DATA UNDER STUDY -
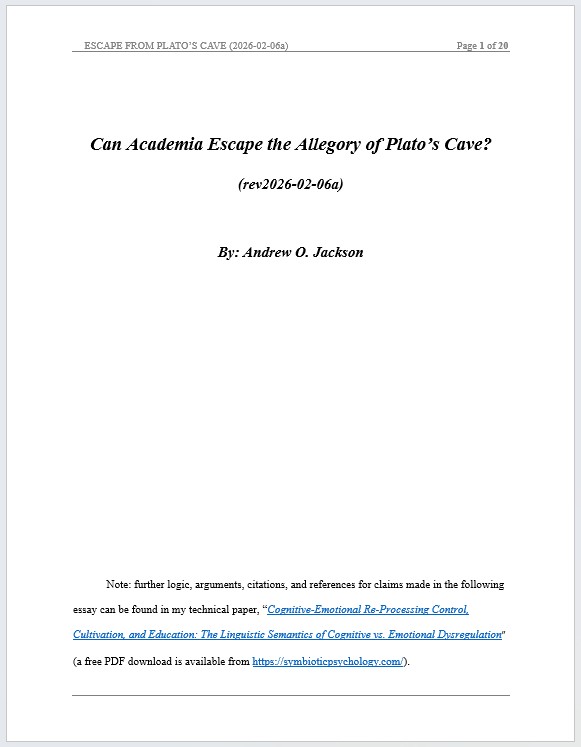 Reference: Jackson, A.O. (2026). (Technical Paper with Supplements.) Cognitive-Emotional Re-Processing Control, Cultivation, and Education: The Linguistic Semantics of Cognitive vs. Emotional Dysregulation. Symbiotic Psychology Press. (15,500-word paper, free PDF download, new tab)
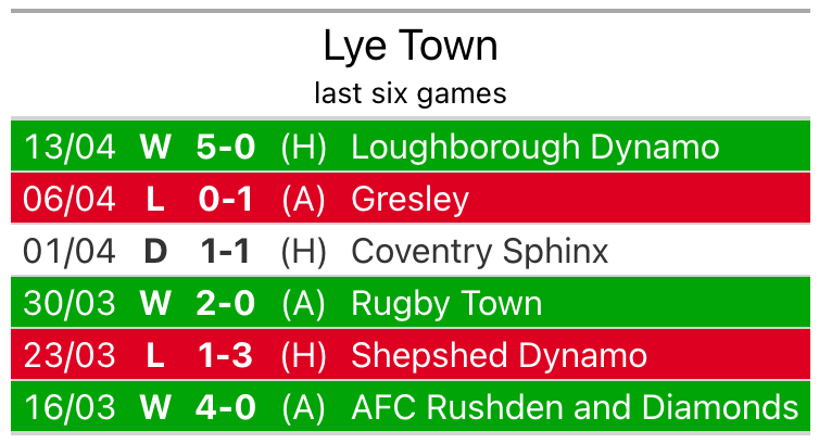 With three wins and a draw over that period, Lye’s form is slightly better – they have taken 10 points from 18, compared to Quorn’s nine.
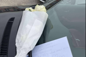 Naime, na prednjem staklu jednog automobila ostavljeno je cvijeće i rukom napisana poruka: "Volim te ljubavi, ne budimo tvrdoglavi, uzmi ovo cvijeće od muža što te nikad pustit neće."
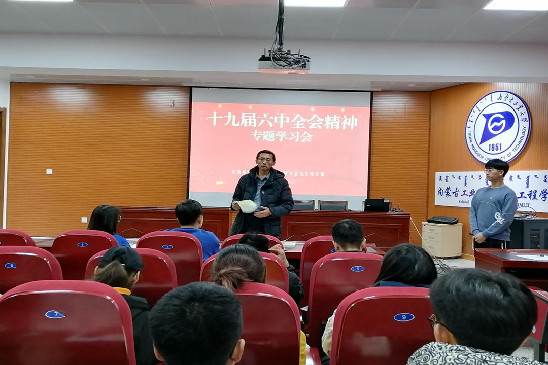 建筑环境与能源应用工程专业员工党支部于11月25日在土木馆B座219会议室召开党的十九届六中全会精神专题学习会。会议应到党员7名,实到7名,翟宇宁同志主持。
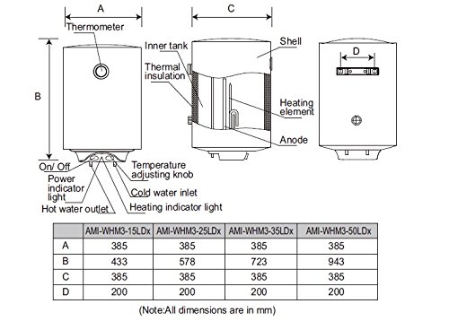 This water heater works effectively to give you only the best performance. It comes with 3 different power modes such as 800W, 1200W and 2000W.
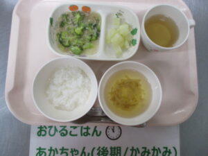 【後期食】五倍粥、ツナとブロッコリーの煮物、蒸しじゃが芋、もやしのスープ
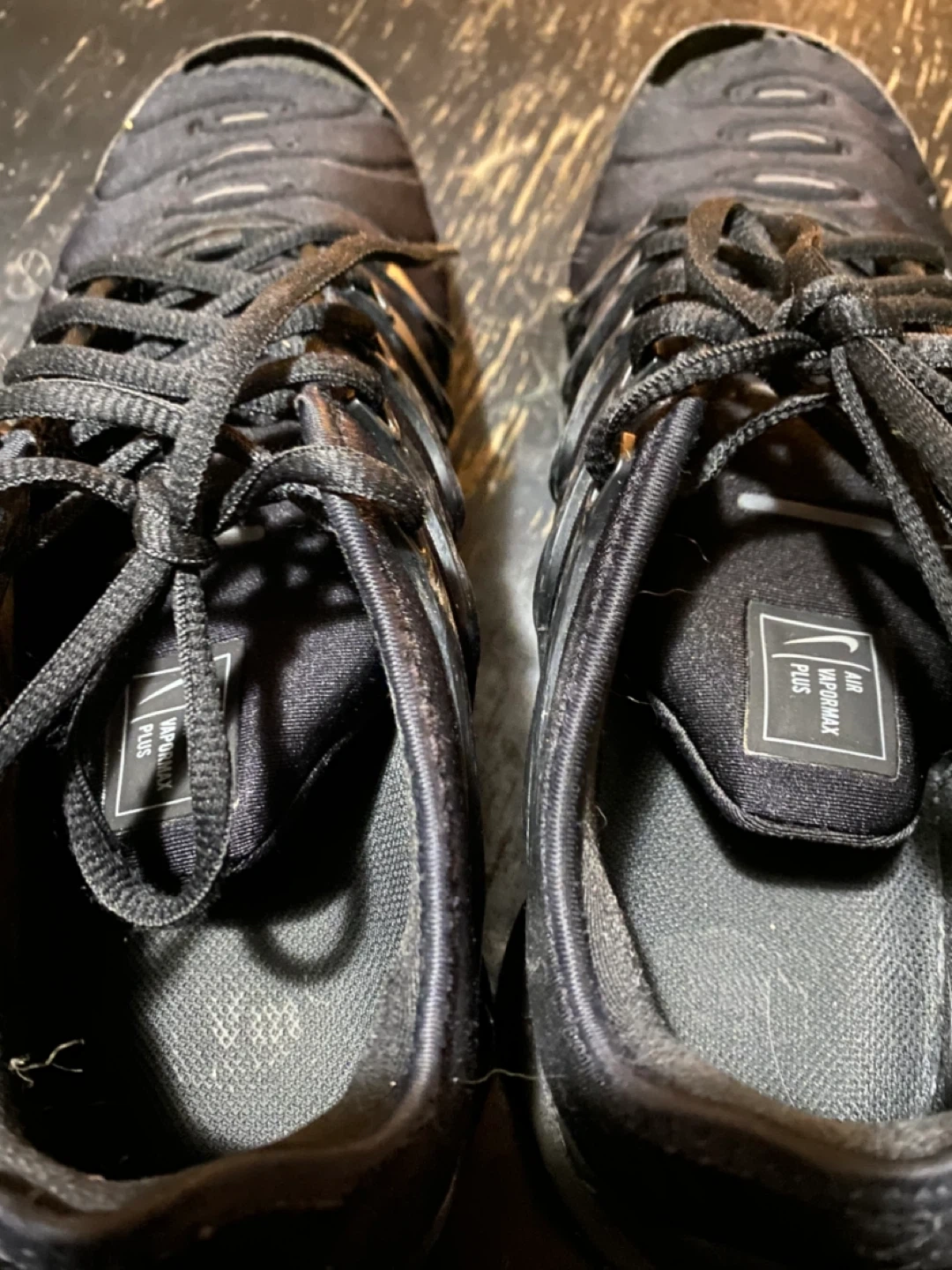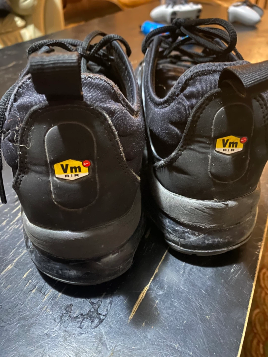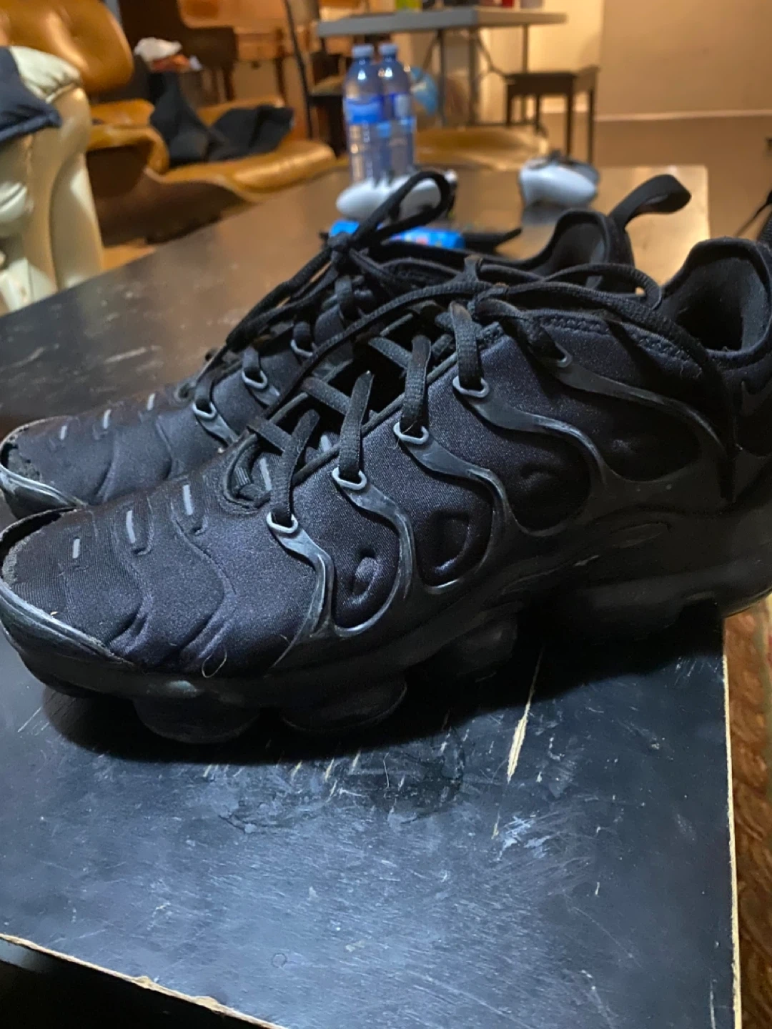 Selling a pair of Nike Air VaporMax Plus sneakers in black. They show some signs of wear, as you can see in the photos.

WHAT YOU WILL DO -
Please set down the records above verbatim, with each picture left out.

EXERCISE OUTPUT -
 Reference: Jackson, A.O. (2026). (Technical Paper with Supplements.) Cognitive-Emotional Re-Processing Control, Cultivation, and Education: The Linguistic Semantics of Cognitive vs. Emotional Dysregulation. Symbiotic Psychology Press. (15,500-word paper, free PDF download, new tab)
 With three wins and a draw over that period, Lye’s form is slightly better – they have taken 10 points from 18, compared to Quorn’s nine.
 Naime, na prednjem staklu jednog automobila ostavljeno je cvijeće i rukom napisana poruka: "Volim te ljubavi, ne budimo tvrdoglavi, uzmi ovo cvijeće od muža što te nikad pustit neće."
 建筑环境与能源应用工程专业员工党支部于11月25日在土木馆B座219会议室召开党的十九届六中全会精神专题学习会。会议应到党员7名,实到7名,翟宇宁同志主持。
 This water heater works effectively to give you only the best performance. It comes with 3 different power modes such as 800W, 1200W and 2000W.
 【後期食】五倍粥、ツナとブロッコリーの煮物、蒸しじゃが芋、もやしのスープ
 Selling a pair of Nike Air VaporMax Plus sneakers in black. They show some signs of wear, as you can see in the photos.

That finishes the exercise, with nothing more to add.